(THE PROBLEM) Using the entries below, restate word for word only the lines from the one with "Being outspoken also" to the final line, leaving the pictures out.

PROVIDED DATA section start

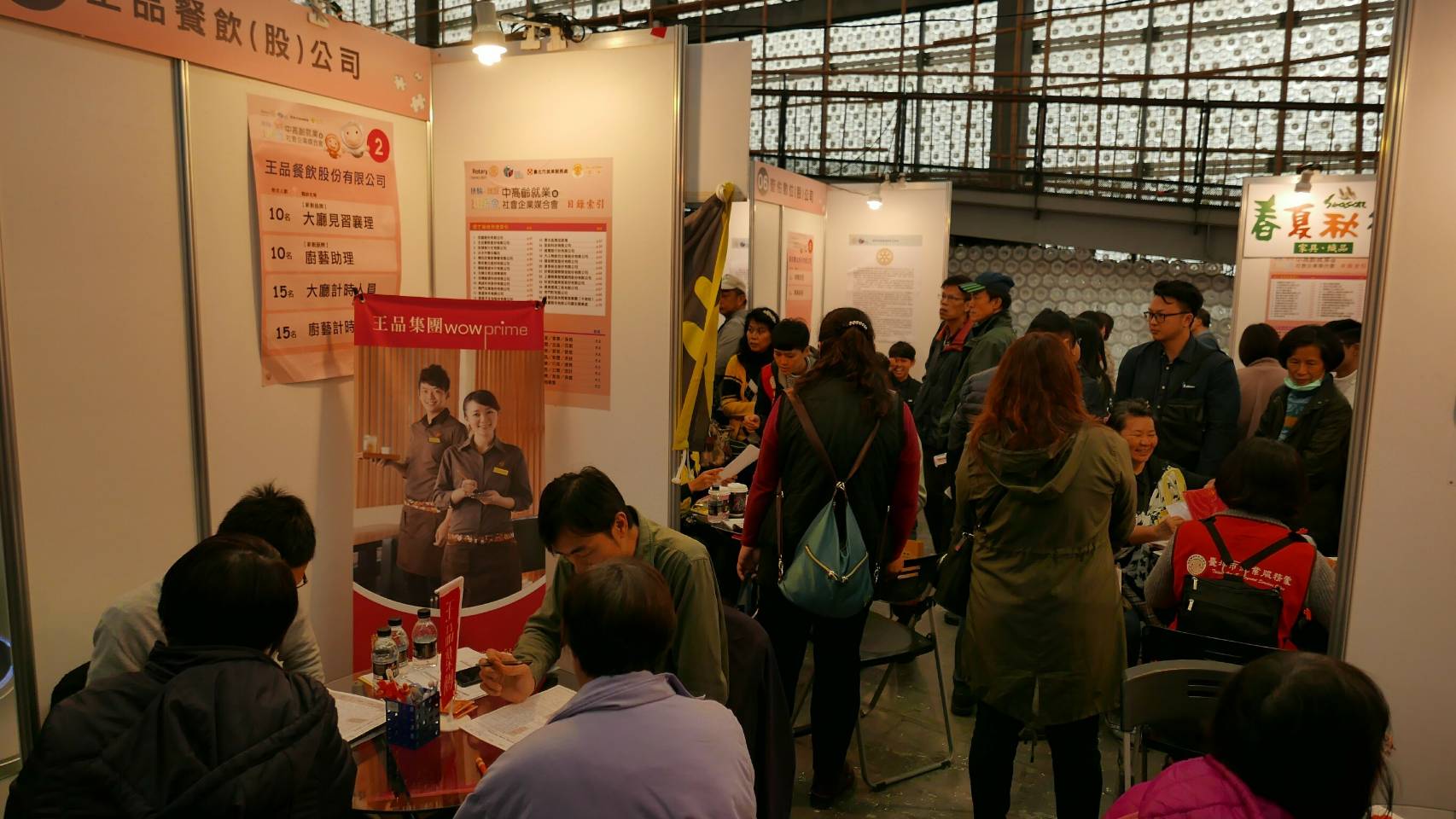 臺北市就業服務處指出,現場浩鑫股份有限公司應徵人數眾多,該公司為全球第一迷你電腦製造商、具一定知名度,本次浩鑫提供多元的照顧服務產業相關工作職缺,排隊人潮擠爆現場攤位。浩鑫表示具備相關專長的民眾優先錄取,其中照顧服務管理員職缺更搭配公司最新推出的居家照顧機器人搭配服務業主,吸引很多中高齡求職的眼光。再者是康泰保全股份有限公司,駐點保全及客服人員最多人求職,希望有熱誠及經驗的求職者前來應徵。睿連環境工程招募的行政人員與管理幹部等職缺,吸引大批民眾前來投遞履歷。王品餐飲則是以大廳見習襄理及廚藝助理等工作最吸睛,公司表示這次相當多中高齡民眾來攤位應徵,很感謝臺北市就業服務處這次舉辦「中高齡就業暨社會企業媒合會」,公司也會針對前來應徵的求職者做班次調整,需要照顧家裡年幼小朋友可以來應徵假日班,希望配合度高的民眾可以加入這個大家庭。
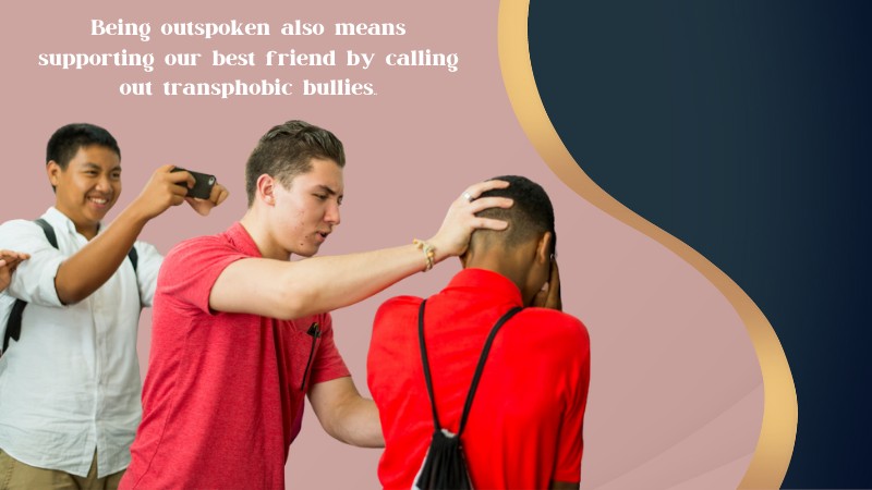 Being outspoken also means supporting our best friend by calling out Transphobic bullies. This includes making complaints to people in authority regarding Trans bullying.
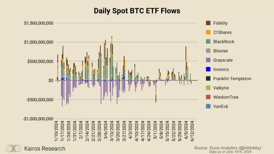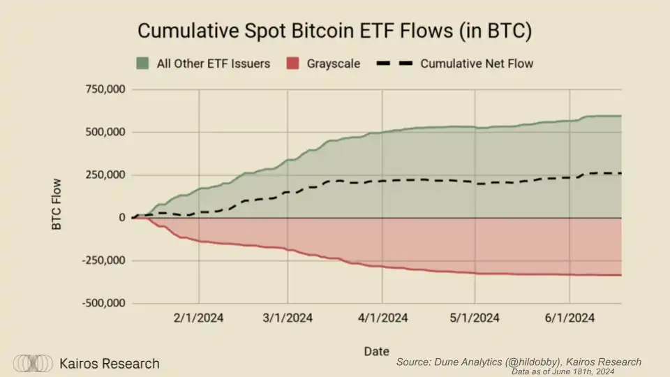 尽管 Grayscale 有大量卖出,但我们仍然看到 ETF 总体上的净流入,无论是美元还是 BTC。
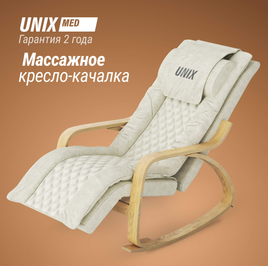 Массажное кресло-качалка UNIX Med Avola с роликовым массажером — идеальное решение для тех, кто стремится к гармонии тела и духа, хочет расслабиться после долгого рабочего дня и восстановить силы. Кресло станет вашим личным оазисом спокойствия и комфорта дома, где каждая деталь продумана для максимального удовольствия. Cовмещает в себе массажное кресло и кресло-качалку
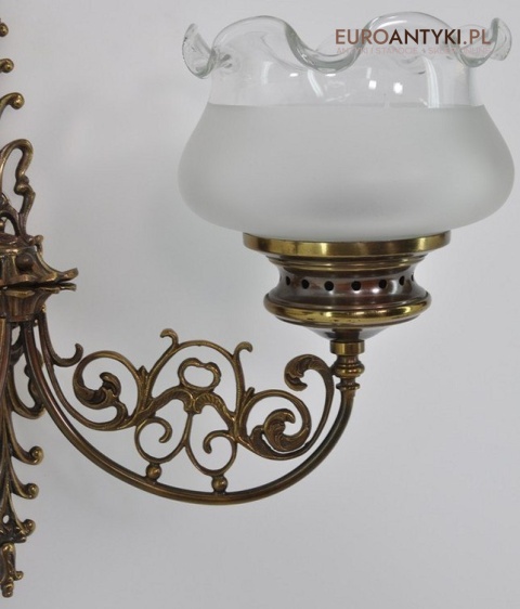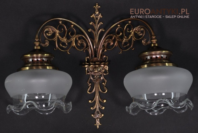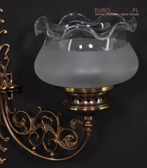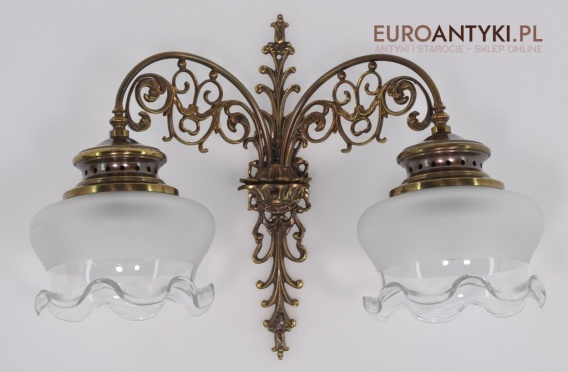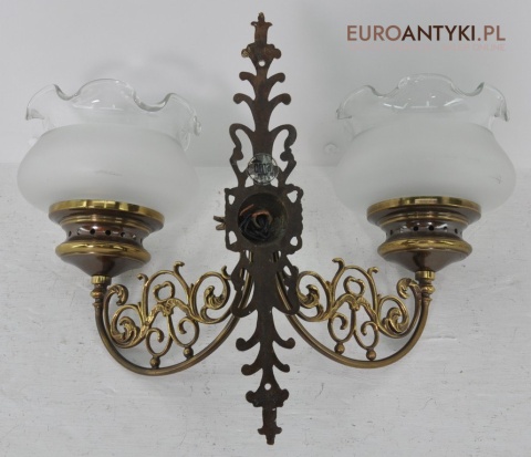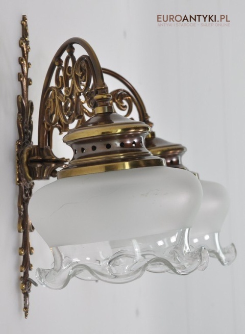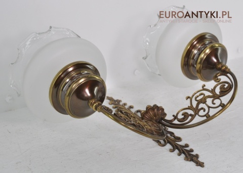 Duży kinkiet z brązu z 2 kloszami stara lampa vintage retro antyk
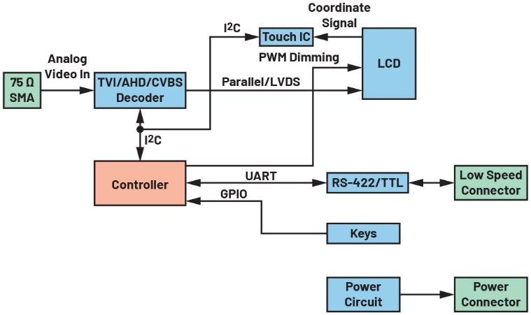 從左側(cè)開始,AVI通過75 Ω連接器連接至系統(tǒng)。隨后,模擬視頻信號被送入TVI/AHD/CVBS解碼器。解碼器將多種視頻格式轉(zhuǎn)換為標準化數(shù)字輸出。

PROVIDED DATA section end

(ANSWER SPACE)
 Being outspoken also means supporting our best friend by calling out Transphobic bullies. This includes making complaints to people in authority regarding Trans bullying.
 尽管 Grayscale 有大量卖出,但我们仍然看到 ETF 总体上的净流入,无论是美元还是 BTC。
 Массажное кресло-качалка UNIX Med Avola с роликовым массажером — идеальное решение для тех, кто стремится к гармонии тела и духа, хочет расслабиться после долгого рабочего дня и восстановить силы. Кресло станет вашим личным оазисом спокойствия и комфорта дома, где каждая деталь продумана для максимального удовольствия. Cовмещает в себе массажное кресло и кресло-качалку
 Duży kinkiet z brązu z 2 kloszami stara lampa vintage retro antyk
 從左側(cè)開始,AVI通過75 Ω連接器連接至系統(tǒng)。隨后,模擬視頻信號被送入TVI/AHD/CVBS解碼器。解碼器將多種視頻格式轉(zhuǎn)換為標準化數(shù)字輸出。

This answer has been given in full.